Preparing a comprehensive marketing strategy will help you think about where your business will fit into the market and how to get it there. It is no good creating a fantastic product or service if nobody knows about it.
“Doing business without advertising is like smiling in the dark: you know what you are doing, but nobody else does” - Edgar Watson Howe
Your market research should have helped you to identify your target market, where they are located, what their needs are, how do they spend their money, how do they find their suppliers. The next step is to make them aware of your business and to actively encourage them to buy from you.

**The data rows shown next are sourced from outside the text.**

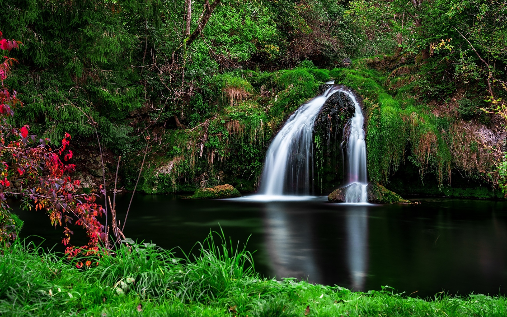 Edytor tapety: Mały wodospad na omszałej skale
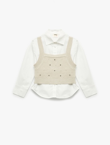 Süveter Detaylı Uzun Kollu Pamuklu Gömlek Sepete Ekle
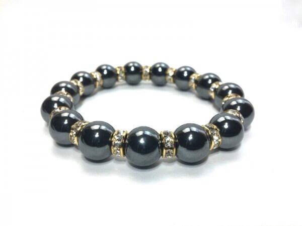 こちらは、12mm玉のヘマタイトを使用した天然石ブレスレットです。石との間にはロンデルを挟み高級感を演出しています。シンプルなデザインですのでどんなコーディネートとも合わせ易いブレスレットです。石大きさは12mm玉です。。内周約18cmです。気になる方は是非この機会にどうぞ。
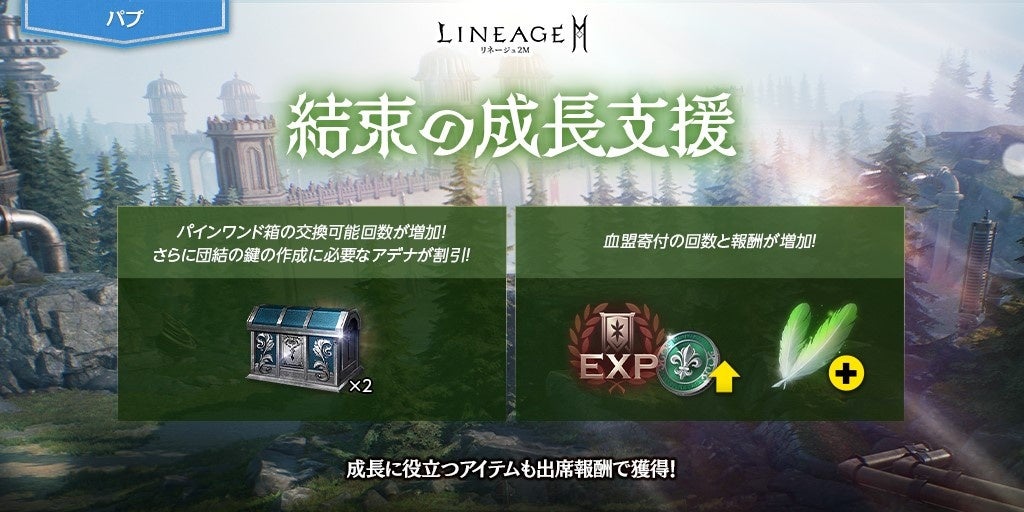 期間中、1,000アデナを使用することでオープンできる出席報酬「血盟の決意」が登場します。
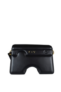 Off-White shoulder bag in smooth calf leather. Burrow 22 large model in black color. Iconic cutouts on the whole. Adjustable leather shoulder strap with pin buckle. Gold logo embossing at back. Magnetic snap flap. Interior card slots. Red and black polished leather lining. Gold finish. Dimensions: length 32 cm x height 20 cm x width 11 cm. Made in Italy.

In marketing speak this is defined as: Putting the right product in the right place, at the right price, at the right time.
You need to create a product that a particular group of people want, put it on sale in a place that those people visit regularly, and at a price that matches the value they feel they get out of it; and do all that at a time they want to buy.
There’s a lot of truth in this.
However, a lot of hard work needs to go into finding out what customers want, and identifying where they do their shopping.
Then you need to figure out how to produce the item at a price that represents value to them, and get it all to come together at the critical time.
The 7 Ps of marketing
The ‘7 Ps’ of marketing is probably the best-known way of approaching this challenge but don't be put off by the 'marketing speak' or if you are not familiar with some of the terms, the questions in each section will help you understand the most important considerations.
The 7Ps are:
- Product (or Service)
- What does the customer want from the product/service?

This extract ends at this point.